Items from a dataset:
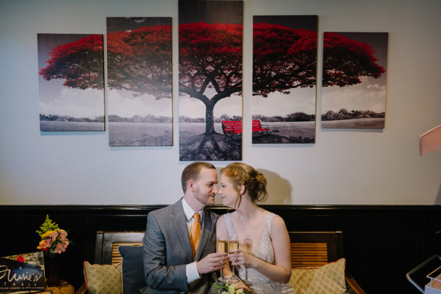 A & D colorful wedding at Nouveau Antique Art Bar
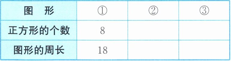 (2)当$n=1$时,正方形的个数是8,$8=5×1+3$,周长是18,$18=10×1+8;$当$n=2$时,正方形的个数是13,$13=5×2+3$,周长是28,$28=10×2+8;$当$n=3$时,正方形的个数是18,$18=5×3+3$,周长是38,$38=10×3+8.$所以图形ⓝ中,正方形的个数是$5n+3$,周长是$10n+8.$
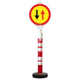 Kit indicator rutier mobil, Sigtra, stalp cu baza grea, indicator prioritate pentru circulatia din sens invers.
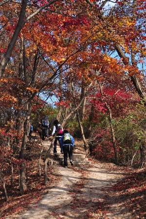 단풍구경을 하기위해 꼭 지방에 있는 산으로 갈 필요는 없다. 도심 속에도 단풍을 즐길 수 있는 곳이 제법 있다. 그중에 하나가 인왕산과 북악산 하늘길을 따라가는 코스이다. 도심 속 깊은 숲길도 체험할 수 있고, 단풍나무가 많아 유독 붉은빛을 많이 발하는 곳이다. 걷는 중간에 빠져나가기도 용이하고 걷고 싶은 만큼 걸을 수 있다. 단, 북악산 하늘길 부암동을 지나쳤다면 무조건 끝까지 가야 한다. 하늘길 중간 팔각정은 쉼터이자 서울 중심을 내려다볼 수 있는 전망대이다. 얼룩덜룩 물든 북한산 자락에 얹혀있는 평창동 마을을 보는 것도 여기서만 느낄 수 있는 풍경이다. 다양한 집 모양새가 만든 한 폭에 그림이다.
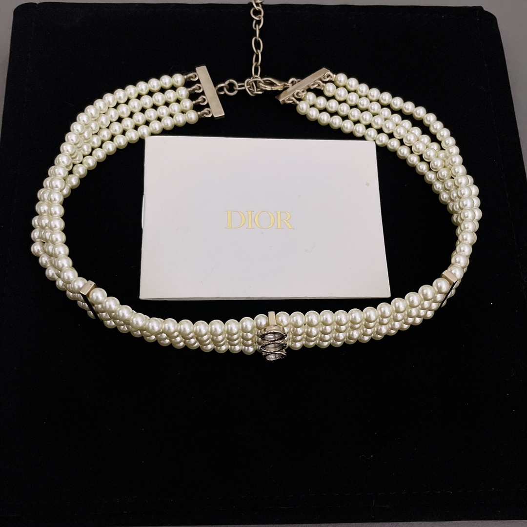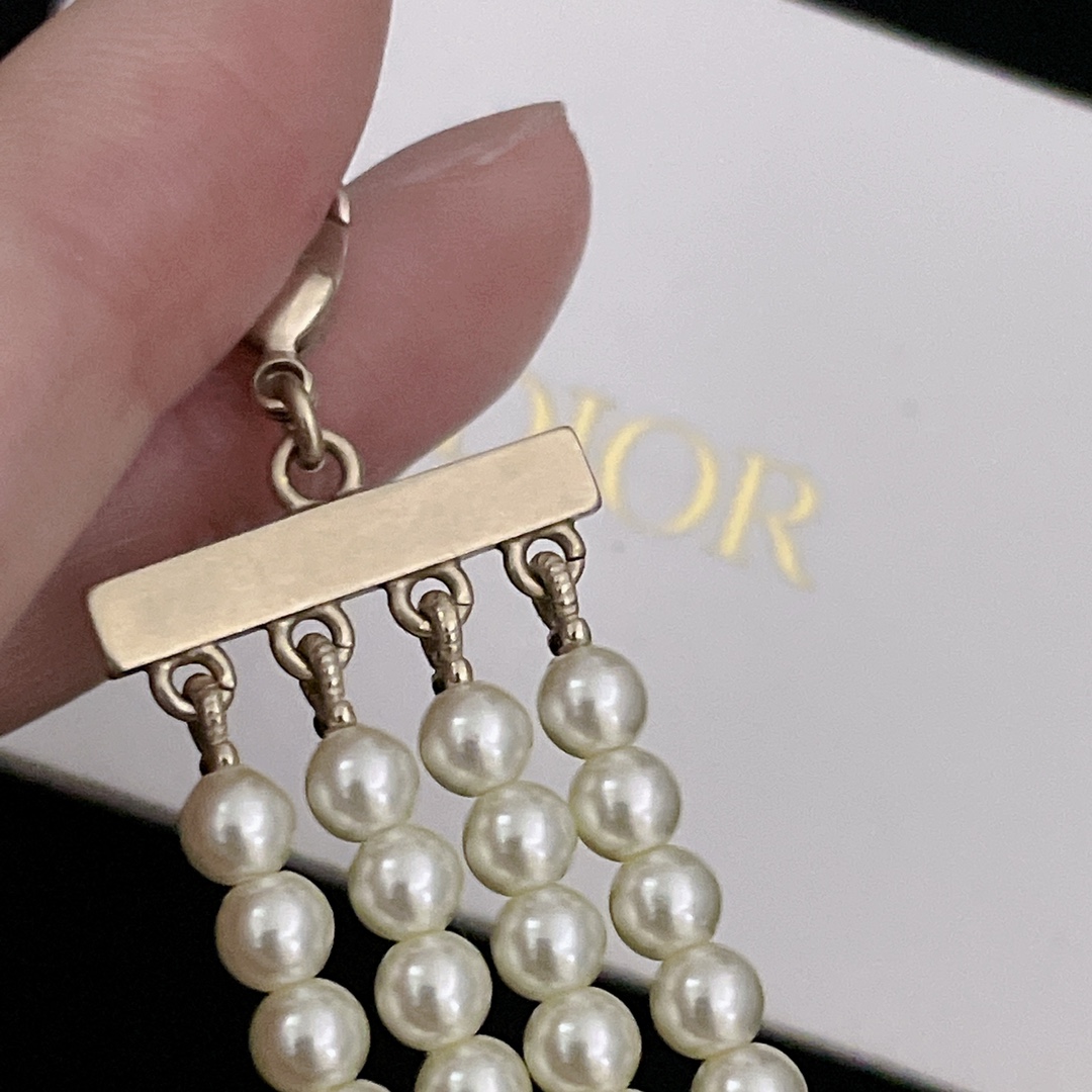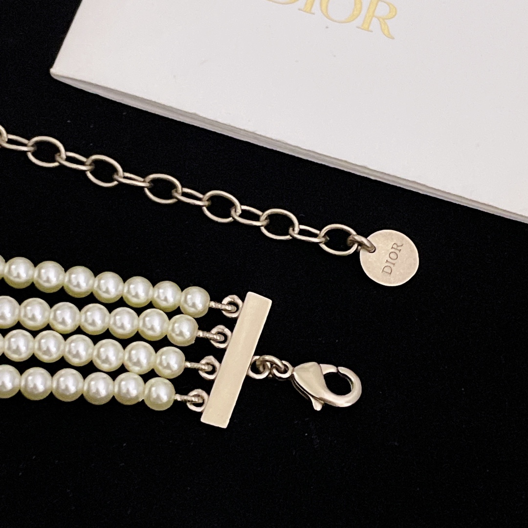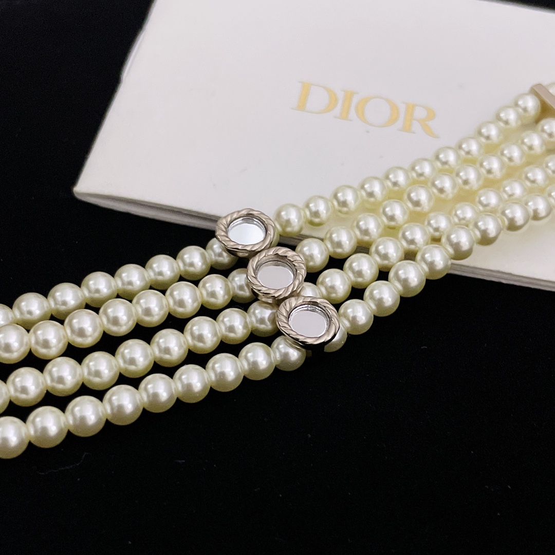 Dior mirror multi-layer pearl model, a super rare style, four-layer pearl design, a wider design, the upper body makes the neck look more slender, the unique mirror small accessories design, full of texture, super classic and versatile, exquisite and eye-catching.
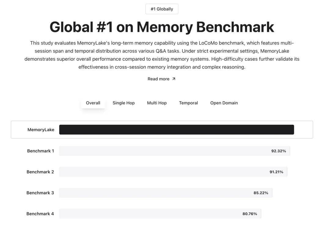 MemoryLake 的性能指标,为其生产级记忆基础设施能力提供了支撑:

YOUR GOAL: When you reach a picture in the records above, pass over it and transcribe the rest exactly.

FINISHED TASK:
 A & D colorful wedding at Nouveau Antique Art Bar
 (2)当$n=1$时,正方形的个数是8,$8=5×1+3$,周长是18,$18=10×1+8;$当$n=2$时,正方形的个数是13,$13=5×2+3$,周长是28,$28=10×2+8;$当$n=3$时,正方形的个数是18,$18=5×3+3$,周长是38,$38=10×3+8.$所以图形ⓝ中,正方形的个数是$5n+3$,周长是$10n+8.$
 Kit indicator rutier mobil, Sigtra, stalp cu baza grea, indicator prioritate pentru circulatia din sens invers.
 단풍구경을 하기위해 꼭 지방에 있는 산으로 갈 필요는 없다. 도심 속에도 단풍을 즐길 수 있는 곳이 제법 있다. 그중에 하나가 인왕산과 북악산 하늘길을 따라가는 코스이다. 도심 속 깊은 숲길도 체험할 수 있고, 단풍나무가 많아 유독 붉은빛을 많이 발하는 곳이다. 걷는 중간에 빠져나가기도 용이하고 걷고 싶은 만큼 걸을 수 있다. 단, 북악산 하늘길 부암동을 지나쳤다면 무조건 끝까지 가야 한다. 하늘길 중간 팔각정은 쉼터이자 서울 중심을 내려다볼 수 있는 전망대이다. 얼룩덜룩 물든 북한산 자락에 얹혀있는 평창동 마을을 보는 것도 여기서만 느낄 수 있는 풍경이다. 다양한 집 모양새가 만든 한 폭에 그림이다.
 Dior mirror multi-layer pearl model, a super rare style, four-layer pearl design, a wider design, the upper body makes the neck look more slender, the unique mirror small accessories design, full of texture, super classic and versatile, exquisite and eye-catching.
 MemoryLake 的性能指标,为其生产级记忆基础设施能力提供了支撑:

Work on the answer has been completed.